[THE DATA Boundary: Start]
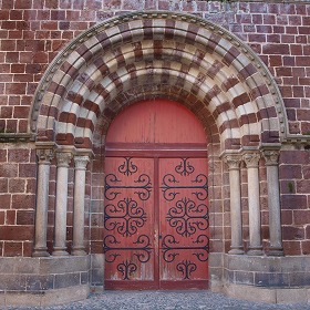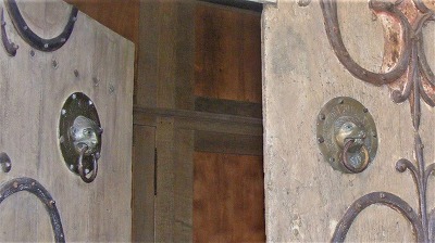 | 南入り口の、かつては動物の皮で覆われていたという扉には、ロマネスク期のPenture(鉄の装飾)が残ります。 | ||
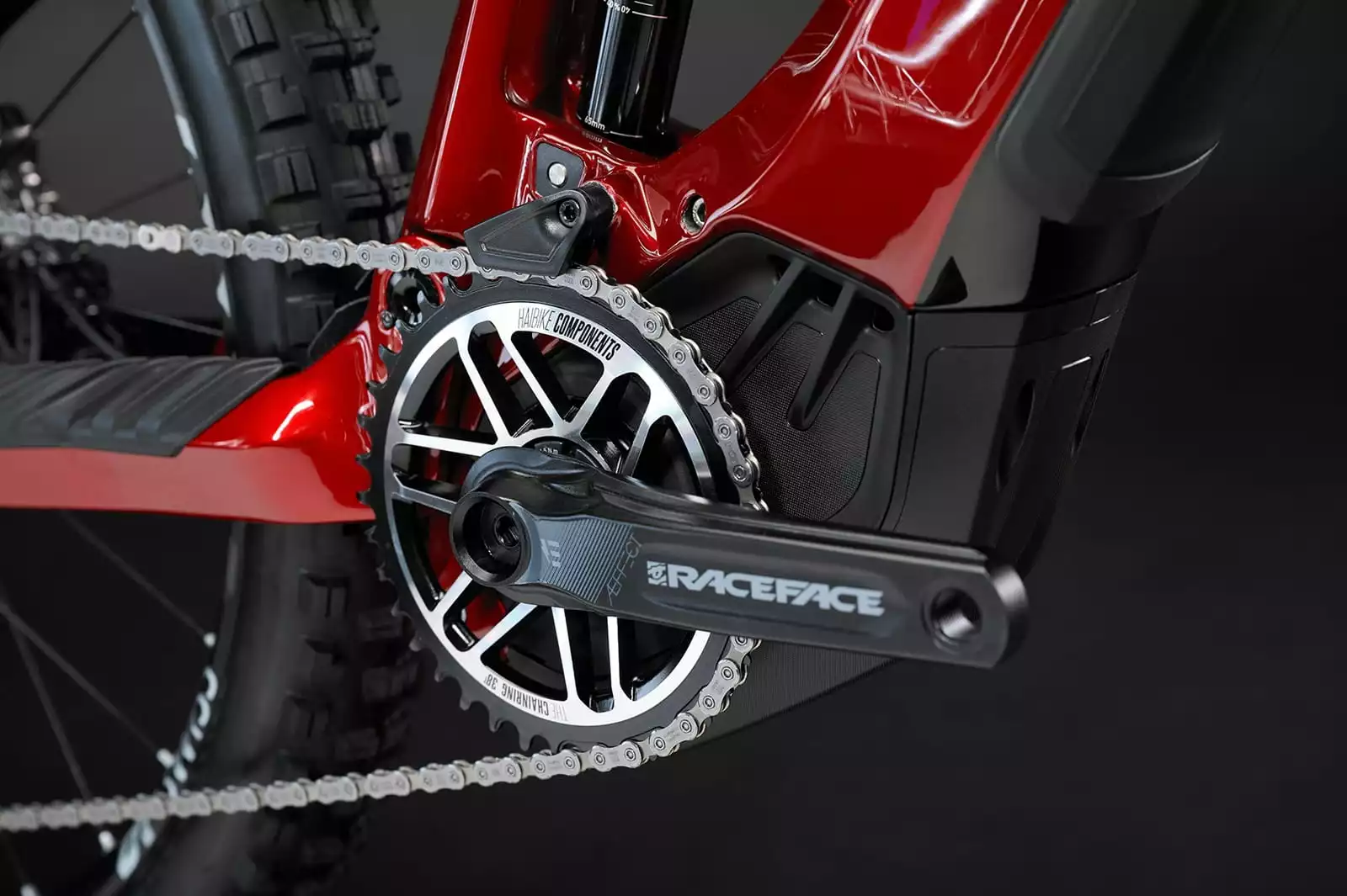 Frame: Carbon, SkidPlate, geïntegreerde motor, UD-Carbon frame, FullCarbon Interface, steekas M12 (1..00) x 148mm, schijfrem Post Mount, slag: 160mm
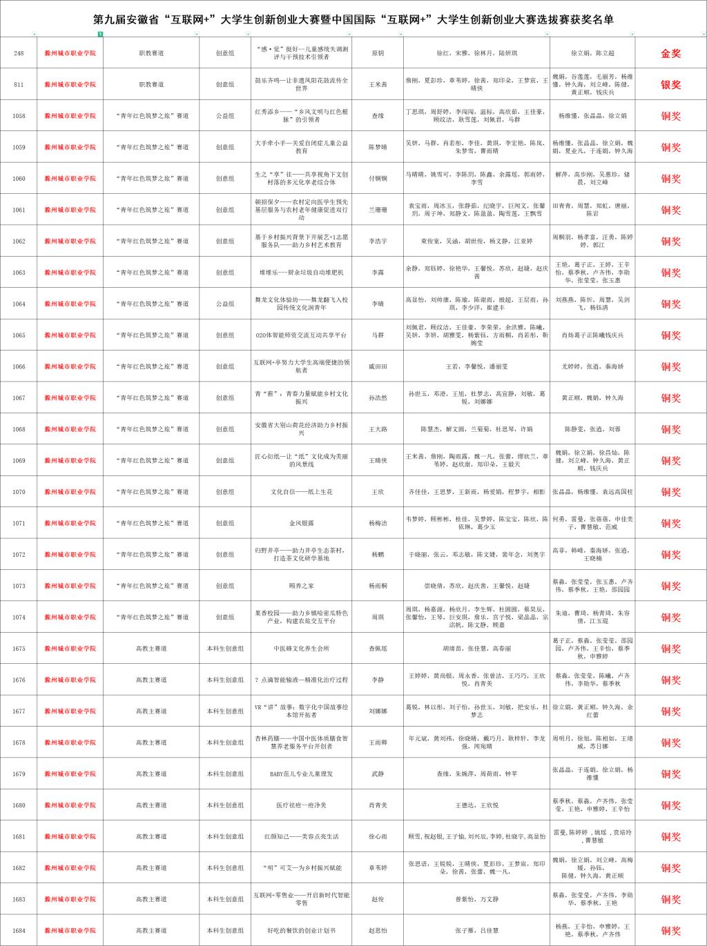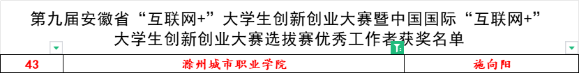 近日,第九届安徽省“互联网+”大学生创新创业大赛暨中国国际“互联网+”大学生创新创业大赛安徽省选拔赛结果正式公布。我校师生团队在高教主赛道、“青年红色筑梦之旅”赛道、职教赛道中共获得金奖1项、银奖1项、铜奖38项,其中,1个项目晋级国赛,取得了参加该项赛事以来的最好成绩,实现了获奖数量和质量的双突破。校党委委员施向阳被评为大赛“优秀工作者”,教育学院院长徐立娟被评为大赛“优秀指导老师”。
[THE DATA Boundary: End]
▸ WHAT IS NEEDED: What is needed is every line of the data above, set down exactly but with the images left out.

▸ RESULT OF THE EXERCISE:
 | 南入り口の、かつては動物の皮で覆われていたという扉には、ロマネスク期のPenture(鉄の装飾)が残ります。 | ||
 Frame: Carbon, SkidPlate, geïntegreerde motor, UD-Carbon frame, FullCarbon Interface, steekas M12 (1..00) x 148mm, schijfrem Post Mount, slag: 160mm
 近日,第九届安徽省“互联网+”大学生创新创业大赛暨中国国际“互联网+”大学生创新创业大赛安徽省选拔赛结果正式公布。我校师生团队在高教主赛道、“青年红色筑梦之旅”赛道、职教赛道中共获得金奖1项、银奖1项、铜奖38项,其中,1个项目晋级国赛,取得了参加该项赛事以来的最好成绩,实现了获奖数量和质量的双突破。校党委委员施向阳被评为大赛“优秀工作者”,教育学院院长徐立娟被评为大赛“优秀指导老师”。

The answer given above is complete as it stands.